You should write down each query in two ways:
In plain, but maximally precise, plain language.
Formally using
CausalQueries. See the queries handout for examples. Be sure to distinguish between controlled interventions (using[X=...]) and simple conditioning (using “given…”).
2 Part II: A causal chain (30 mins)
Imagine a causal chain: \(A\) causes \(B\) and \(B\) causes \(C\)
Say you knew for the \(A\), \(B\) relationship:
- there is a 50% chance that \(A\) causes \(B\) for a given unit.
- there is a 25% chance that \(B=0\) regardless of \(A\)
- there is a 25% chance that \(B=1\) regardless of \(A\)
Say you knew for the \(B\), \(C\) relationship:
- there is a 50% chance that \(B\) causes \(C\) for a given unit.
- there is a 25% chance that \(C=0\) regardless of \(B\)
- there is a 25% chance that \(C=1\) regardless of \(B\)
Now:
- What is the probability that \(A\) causes \(C\)?
- What is the probability that \(A\) causes \(C\) for a case in which \(A=1\) and \(C=1\), when \(B\) is not observed?
- What is the probability that \(A\) causes \(C\) for a case in which \(A=1\) and \(B=1\) and \(C=1\)?
- What is the probability that \(A\) causes \(C\) for a case in which \(A=1\) and \(B=0\) and \(C=1\)?
Summarize: when is \(B\) informative for the \(A \rightarrow C\) relationship.
3 Group discussion (30 mins)
4 Additional (if you have time!): Bayesian sequencing and posterior variance (30 mins)
Say you knew the probability of \(Y\) given \(X_1\) and \(X_2\):
| X_1 = 0 | X1 = 1 | |
|---|---|---|
| X_2 = 0 | .2 | .5 |
| X_2 = 1 | .8 | .9 |
In addition you know that \(X_1 = 1\) with probability 0.5, and \(X_2 = 1\) with probability 0.5, independently.
- Say you do not know \(X_1\) or \(X_2\).

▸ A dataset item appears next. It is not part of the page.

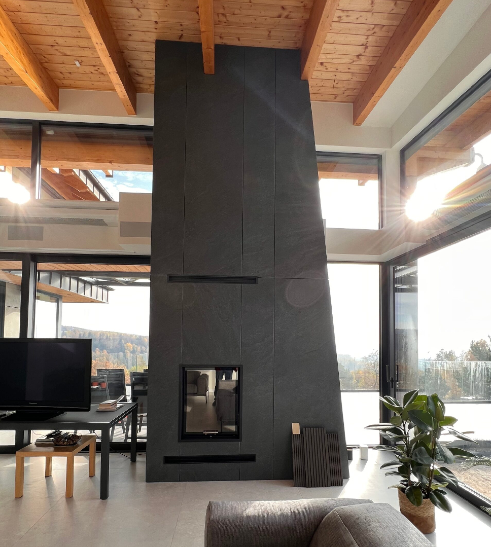 W realizacji wykorzystano palenisko dwustronne stworzone na indywidualne zamówienie marki Arysto oraz kafle gładkie i ryflowane od Riwal Ceramika i Szkło. Piec ma budowę wachlarzowatą.

What is your prior that \(Y = 1\)?
- How uncertain are you? (You can use variance as a measure, where the variance in beliefs about a bernoulli event that arises with probability \(p\) is just \(p(1-p)\))
- Say you now learn \(X_1 = 0\): what is your posterior belief now?
- What is your uncertainty now? (Again use variance, but now you should look at the posterior variance). Has it gone up or down with the additional information?
- Say in addition you now learn \(X_2 = 1\): what now is your posterior? What now is your uncertainty?
- Ex ante you cannot tell what you would observe if you looked for \(X_1\) or \(X_2\). Thinking through all the patterns you might see, what is the expected estimate you would get if you just looked for \(X_1\) or just looked for \(X_2\)? What is the expected posterior variance? If you had to choose just one of \(X_1\) or \(X_2\) to look for, which would be more informative?
Bonus: Think through how things might change if X1 and X2 were not independent?